Moving forward with compliance
Now that UK and Japanese legislation also operates extra-territorially in certain circumstances (like US Legislation), most company compliance programmes will need updating and staff should be retrained. For many companies, a synthesis between these regulations must be achieved. Unfortunately, in-house expertise in both Customs and Export Control is fast disappearing. The risks of detection, costs and penalties where a company leaves matters to its forwarder, which are properly the responsibility of the company itself, have been greatly increased. Compliance audits by the DTI, Revenue & Customs or other officials and for some companies by their overseas parent companies should be seen as inevitable. They should be planned for as part of day-to-day operations. Proactive measures such as system checks, staff training, feasibility studies and audits, which were much more commonly a feature of earlier generations must be re-introduced.

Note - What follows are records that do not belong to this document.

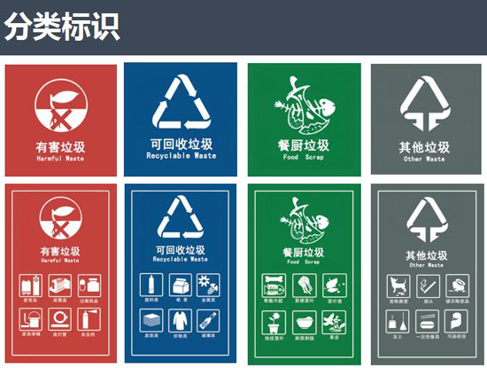 按照相關(guān)國家標準,《規範》將生活垃圾分為有害垃圾、可回收垃圾、餐廚垃圾、其他垃圾四類,在91蝌蚪九色收集、運輸、處理生活(huó)垃圾(jī)的過(guò)程中均采用國標規定的91蝌蚪九色垃圾桶與標誌色。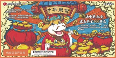 “才华盖世”以“国潮风”为主题,将传统文化与流行趋势完美结合。借助成语将彩票命名为“才华盖世”,寓意着“财华盖世”。票面采用“牛财神”作为主画面,巧妙迎合主题。该票共16次中奖机会,最高奖金100万元。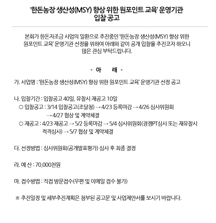 첨부파일 다운로드 (사업제안서)‘한돈농장 생산성(msy) 향상 위한 원포인트 교육’ 운영기관 입찰 공고.hwp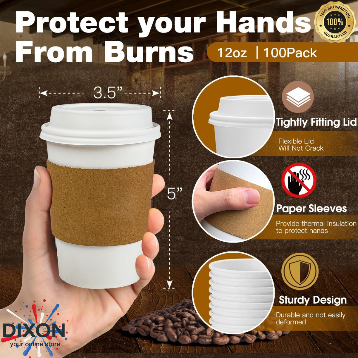 100 Disposable Coffee Cups with Lids Sleeves 12oz Paper Hot Drink Leak Proof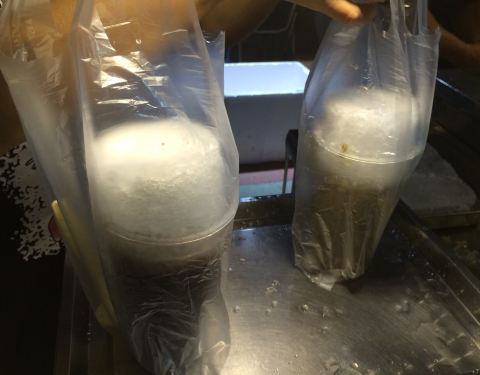 杨浦美食多又多 去年的网红刨冰今年拔草 原来每年6月到9月的营业时间 现在贴上了“全年营业” 每天供应时间:18:30-23:30 掐着点去的 未现排队人潮 就在拍照的间隙 被一个代购的插入 一下子买了15杯... 夫妻老婆店 阿叔负责盛料 刨冰;阿姨负责收钱装袋 真正的手刨刨冰 一整块大型冰块来回刨取的 见底了再换块新的 红豆、绿豆10元;水果一律15元(估计是罐头食品) 一杯绿豆+一杯黄桃 标配勺子和吸管 冰沙在上 边缘戳戳乐 本身甜度足 绿豆烧的酥烂 黄桃加了糖水 所以冰沙搅匀下沉与之混合也不会淡而寡味 虽然价格上涨了 但那一份老旧情怀请继续保留下去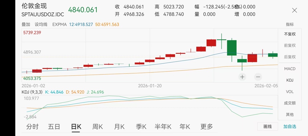 北京时间2月5日7时15分,伦敦金现大跌后直线拉升,重新站上5000美元关口;15时46分,报价4911.66美元/盎司,日内一度下探至4783.15美元/盎司,振幅超200美元/盎司。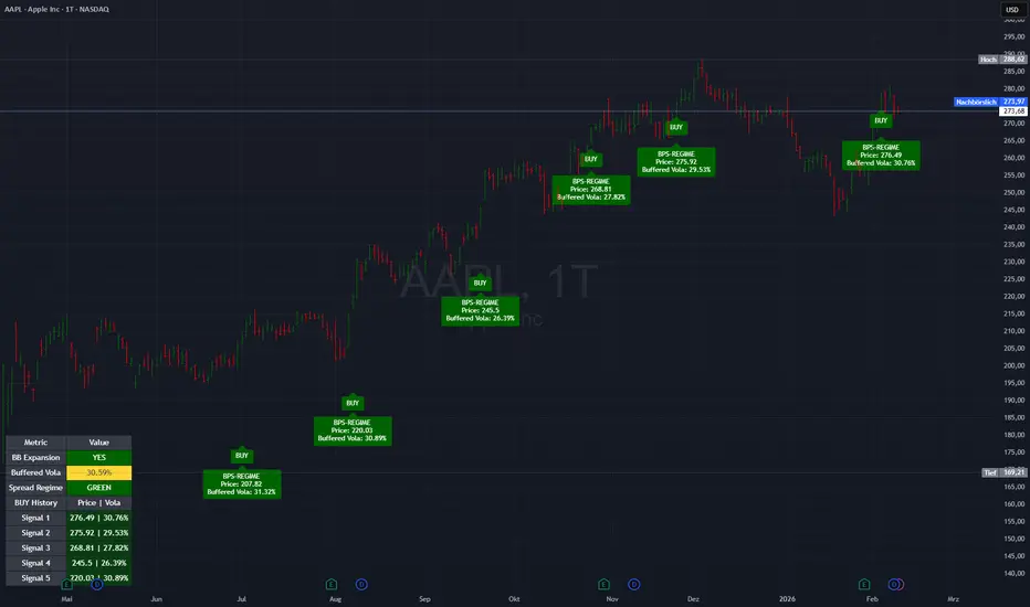10. Displays an on-chart dashboard and signal history, including regime status, buffered volatility, and recent buy signals for structured decision-making.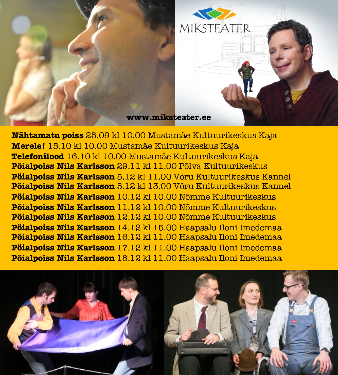 Kõiki lavastusi mängitakse ettetellimisel üle Eesti.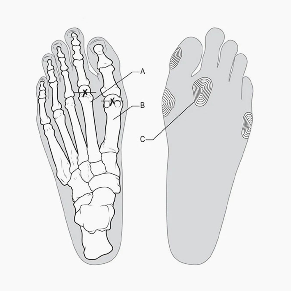 歩行時のロッカー機能:足には重心移動を円滑にする3箇所の「ロッカー(回転運動の支点)」があります;ヒールロッカー、アンクルロッカー、そして前足部(母趾)ロッカーです。母趾が頑丈でかつ柔軟に曲がることが、健常歩行には欠かせません。母趾がてこの支点となり地面を押して、体を前へ移動させる構造になっています。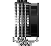 Кулер для процессора ID-COOLING SE-903-XT рассчитан на работу в составе универсальных офисных и домашних компьютеров. Модель совместима с CPU, для установки которых используется один из 7 сокетов - AM4, LGA 1150, LGA 1151, LGA 1155, LGA 1156, LGA 1200 или LGA 1700. Устройство обеспечивает рассеивание мощности до 130 Вт. Особенность внешнего вида кулера - эффектная многоцветная подсветка. Кулер для процессора ID-COOLING SE-903-XT оснащен легким алюминиевым радиатором, имеющим никелированное покрытие. Необходимую эффективность отвода тепла помогают обеспечивать 3 тепловые трубки, диаметр которых равен 6 мм. Кулер укомплектован 92-миллиметровым вентилятором, максимальная частота вращения которого довольно существенна - 2200 оборотов в минуту. На минимальной скорости лопасти вентилятора за минуту делают лишь 500 оборотов. Кулер работает тихо: пиковый уровень шума устройства равен лишь 25.8 дБ. При необходимости интенсивность теплоотвода можно увеличить, установив второй вентилятор. В комплектацию кулера включены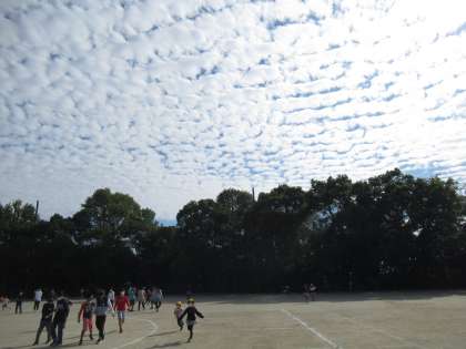 空を見上げると・・・。写真でどれだけ伝わるかわかりませんが、言葉を失うほどの見事な雲。何人かの子どもたちと、しばしの時間、雲を眺めました。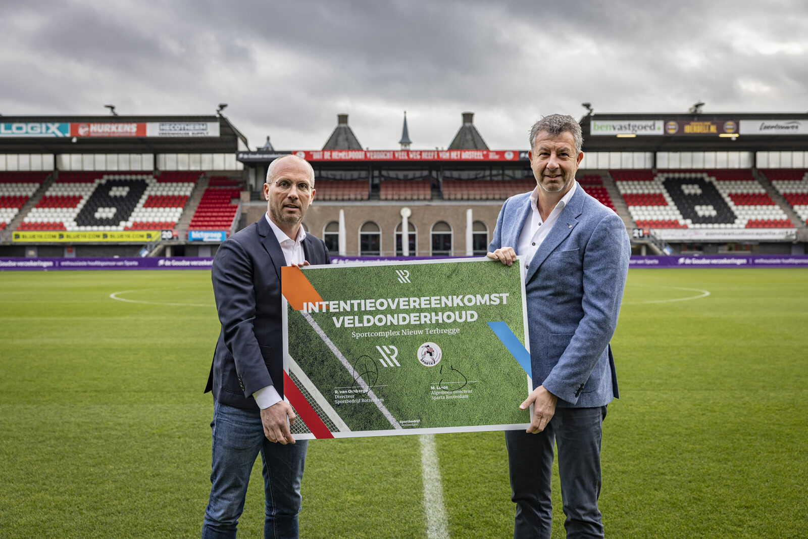 Vanaf dit seizoen speelt Sparta Rotterdam haar thuiswedstrijden weer op écht gras in het stadion. De selectie traint daarom ook weer op natuurgras: op sportcomplex Nieuw Terbregge. De 2 natuurgrasvelden waarop de selectie speelt, maakten wij in de zomer van 2022 bespeelbaar voor het niveau van deze topsporters. Sparta stelt hoge eisen aan het onderhoud van deze velden. En terecht. Sparta selecteerde ons als partner voor het veldonderhoud. Een prachtig compliment voor het vakmanschap van het onderhoudsteam van de sportvelden.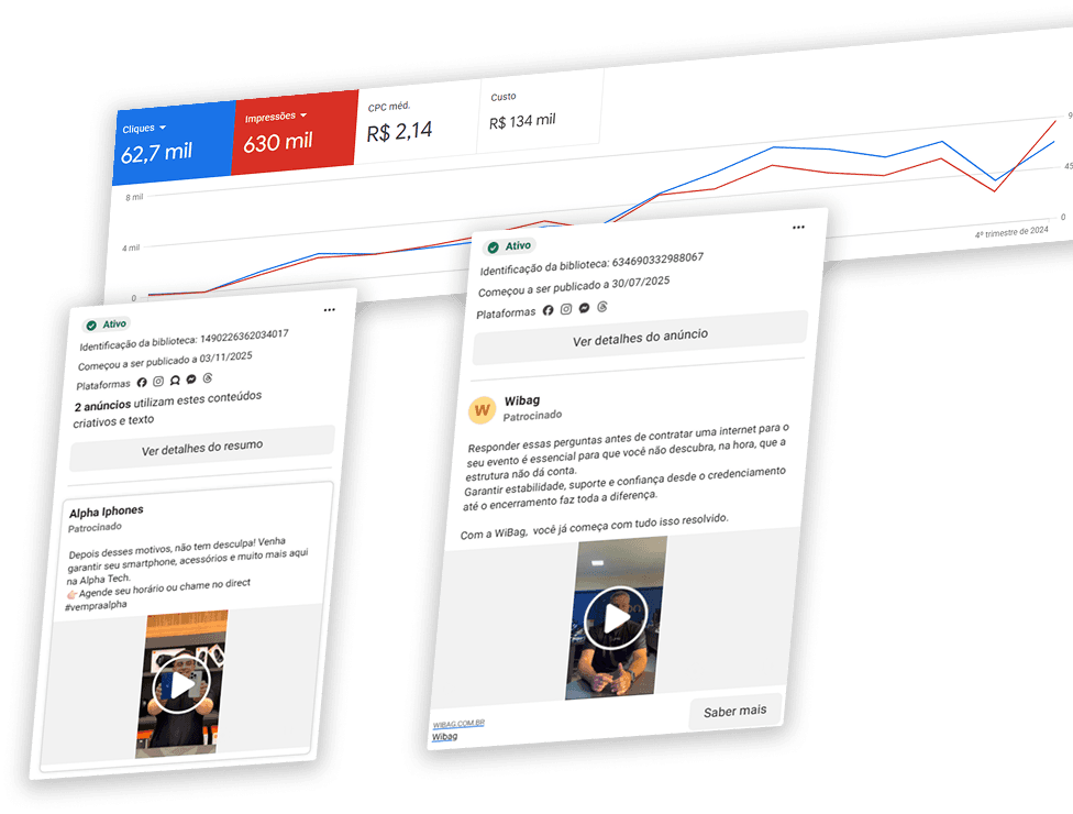 Criamos estratégias de mídia orientadas a dados para gerar crescimento real. Atuamos em todo o funil — da aquisição à conversão — otimizando investimentos, testando constantemente e escalando o que realmente traz resultado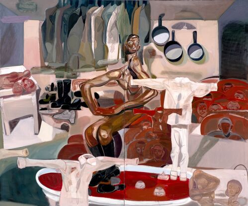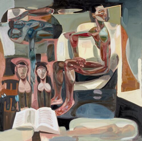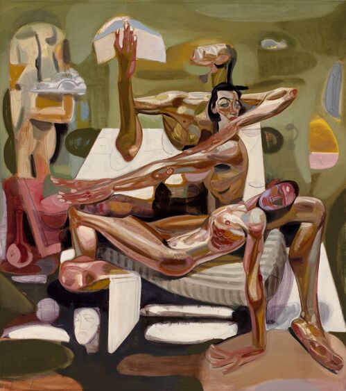 Many of his paintings challenge the act of looking and being looked at. His figures often stare directly at the viewer: They are naked and potentially exposed, but they do not seem afraid of the viewer’s gaze. “I want to make it as though you are looking into someone’s private space,” he said. “They are not hiding anything, and they are OK with that. They are staring at you; you are staring at them. Sometimes there is an exchange where the viewer is scrutinized and looked at. Psychologically, if someone stares at you for too long, it makes you uncomfortable. But I like that effect in the work. In Germany, at one point, I felt I was being looked at all the time.”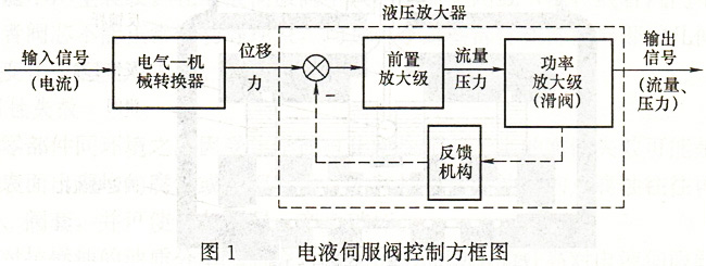 電液伺服閥由電氣一機械轉換器和液壓系統放大器構成,如圖1所示。電氣一機械轉換器是將電信號轉換成機械位移;液壓放大器是將電氣一機械轉換器輸出的機械位移放大后推動閥芯運動,液壓放大器由前置放大級和功率放大級組成,前置放大級采用滑閥、噴嘴擋板閥或射流管閥,功率級采用滑閥形式。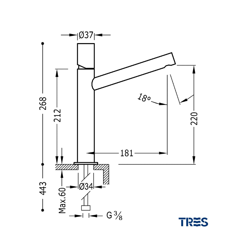 MONOMANDO LAVABO CAÑO LARGO MAX-TRES TRES GRIFERIA Ref. 06120601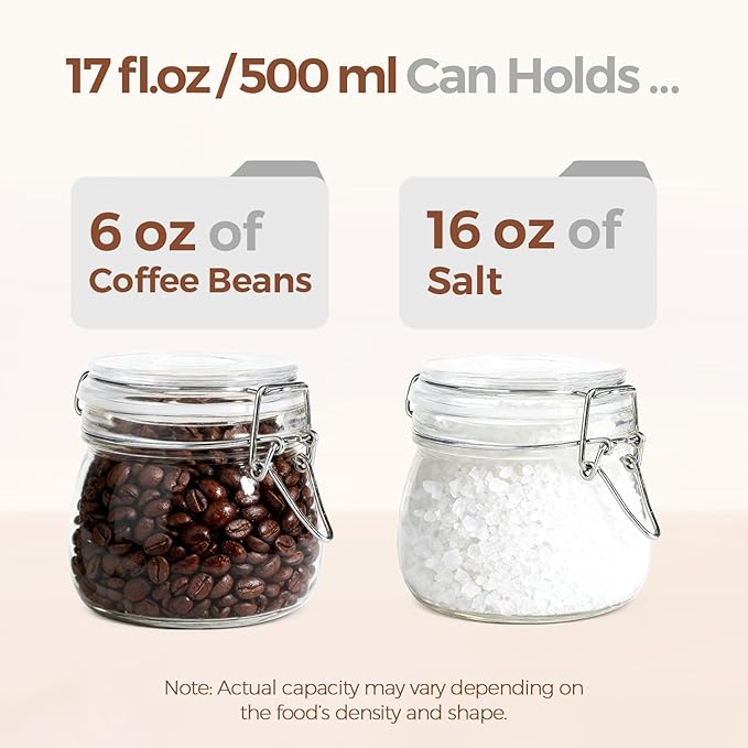 ComSaf Airtight Glass Jars with Lids 17oz Small Food Storage Container Set of 6 - Airtight Canister with Clear Preserving Seal Wire Clip Fastening for Kitchen Canning Pickling Mason jars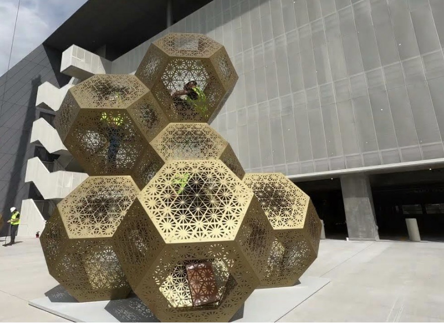 “Congruence is made up of 12 geometric forms. These are all truncated octahedrons, a special type of polyhedron that easily stacks together, leaving no gaps. The artwork includes a tall central structure and three individual shapes, revealing how the pieces fit together.”

Compliance failures in these fields can be just as disastrous as those seen in Financial Services and Accounting Standards. In a world still living with the fallout from 11 September, the odium may well be even greater. Compliance programmes, training and internal audits are comparatively cheap forms of insurance. The "stick" is that non-compliance may well put board members at risk. The "carrot" is that duty and cost savings can often be identified far in excess of the cost of implementing both types of compliance safeguards, if a company’s entire international operations are reviewed.